The clock rate is the actual line speed. The bandwidth command actually hs no effect on the controller or interface. It is a reference applied to the interface that other things can use. For example, EIGRP, by default, is allowed to use 50% of the bandwidth, and you can change the percent in EIGRP. EIGRP bases this on the bandwidth command even though that may not have a real relationship to the actual bandwidth that the interface is using.

pizzafart

I understand that the bandwidth value itself is just a software marker. But, isn't real T1 bandwidth usually rated at 1544000bps? 24 DS0's = 64kbps * 24 = 1544kbps = 1544000bps.

So, does that mean that this router is unable to clock at a regular T1 speed? That seems unusual considering that a T1 line would probably have been a popular choice for this sort of interface. I do appreciate the feedback but I'm still a bit confused.

BubbaJ

pizzafart wrote:

So, does that mean that this router is unable to clock at a regular T1 speed? I do appreciate the feedback but I'm still a bit confused.

Well, you are still missing a piece to connect to a T1 line: the CSU/DSU. The CSU/DSU will provide the clocking to the router - it will be the DCE while the router is the DTE. The line rate is set on the DCE, or comes from the line to the DCE, which will tell the DTE (router) what the line rate is.

The clock rate that you are referring to would be used in the case of the router being the DCE such as back-to-back router connections.

pizzafart

Aha, that may clear things up for me.

So, the values I'm seeing are probably geared towards the overall capability of that interface as opposed to being specifically tailored for an incoming T1 line. It is also notable that the 2500 isn't going to be a DCE for a T1 in the first place.

thanks for your help!

EdTheLad

BubbaJ wrote:

The clock rate is the actual line speed. The bandwidth command actually hs no effect on the controller or interface.

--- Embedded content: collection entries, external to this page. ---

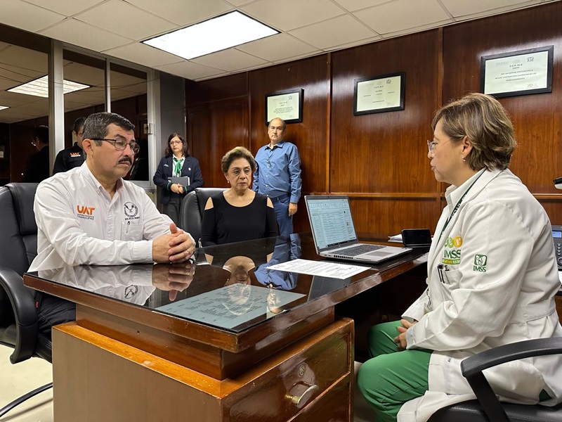 CIUDAD MADERO, TAMPS. El rector de la Universidad Autónoma de Tamaulipas, Dámaso Anaya Alvarado visitó a la estudiante Melanie y su familia en el Hospital General IMSS No.6 en Ciudad Madero, tras el caso que conmocionó a la comunidad universitaria.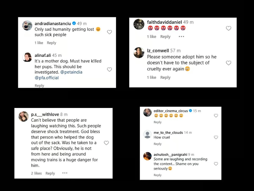 इंस्टाग्राम पेज 'Street Dogs of Bombay' ने इस घटना का वीडियो पोस्ट करते हुए लिखा, "एक निर्दोष, असहाय कुत्ते को जूट की बोरी में ठूंसकर कोलकाता की लोकल ट्रेन में फेंक दिया गया. अगर ट्रेन में मौजूद एक यात्री ने समय रहते बोरी में हलचल न देखी होती और इसे खोलने का निर्णय न लिया होता, तो यह मासूम जान गवा सकता था."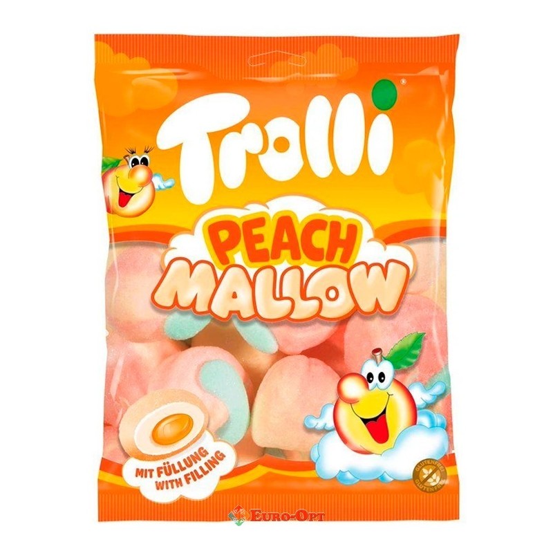 Цукерки Troli Peach Mallow 150g. — ніжні зефірні цукерки зі смаком соковитого персика. Повітряна м’яка текстура, яскрава фруктова начинка та легка солодкість. Чудовий десерт до чаю, ідеальні для святкового столу чи подарунка.

It's funny i've been thinking about the clock rate recently.
For me the clock rate controls the serialization speed rather than the line speed.Its funny, i always envisioned the actual bits propagating the line at the clock rate, while actually the electrical signals travel at roughly 2.1 x 10^8 m/s (a little less than the speed of light).So the clock rate is actually how fast the interface can process the data rather than the actual speed of the line.It doesnt really mater which ever way you view it generally but its better to know the true nature of the transmission in my opinion.
Anyway line speed is a quick easy analogy.
Has anyone else thaught about this before or am i losing the plot?

TheShadow

I look at it a little finer. While it is true that the signal is traveling at almost the speed of light it is the definition of signal that needs fine tuning. It is actually the electrons, the basis of a signal, that travels at ~ the speed of light. Clock speed is how long do the electrons travel at that speed. We normally just refer to that as pulse width/duty cycle which is normally expressed as a percentage for digital pulses. Clock speed then represents how many pulses of electrons per unit time are allowed or with fiber optics, how many light pulses per unit time are allowed. This then is simply how often do we measure.

Danman32

True, electrons flow nearly at the speed of light, but when you are talking about signals, how those electrons flow (mostly quantity) is what matters. For AC signals, the flow actually reverses direction! Because of the physical characteristics of the wire, if the signal state changes too fast, it gets attenuated and reshaped so that the signal no longer is recognizable as the original. So the clock rate (and signal change rate) regulates the speed of signal change so that the signal doesn't deteriorate.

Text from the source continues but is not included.